The algorithm integrates the viscous sintering equations: 1. Update relative density from volumetric viscous flow 2. Compute deviatoric viscous strain increment 3. Calculate elastic response with density-dependent moduli 4. Assemble consistent tangent matrix
- Parameters:
kinematics (Kinematics) – Kinematics object containing strain information. Required attributes: - dstrain: strain increment (3 or 6 components)
- Returns:
sigma (ndarray) – Stress tensor (3 or 6 components).

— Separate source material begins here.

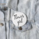 Fullborda din brölloppsfest med "Flower Girl Black Script Button". Med sin eleganta svarta typsnittsdesign är denna knapp ett genomtänkt och stilrent tillbehör för den yngsta medlemmen i ditt brölloppsfölje. Den är perfekt för att lägga till en touch av charm till blomsterflickans outfit på den stora dagen.

tang (ndarray) – Tangent stiffness matrix (3x3 or 6x6).
Notes
The densification rate follows: dρ/dt = (3ρ/2η_v) * (σ_sint - σ_m)
where η_v = η_ref * (1/ρ^n_vol - 1)
The deviatoric viscous strain rate follows: dε_dev/dt = s / (2η_s)
where η_s = η_ref * (1/ρ^n_shear - 1)
- maximum_principal_stress(stress: array) float[source]
Compute maximum principal stress (alternative to von Mises).
This is more appropriate for brittle materials like ceramics that fail primarily under tensile loading.
- Parameters:
stress (ndarray) – Stress tensor in Voigt notation [σ11, σ22, σ33, σ23, σ13, σ12].
- Returns:
Maximum principal stress (most tensile).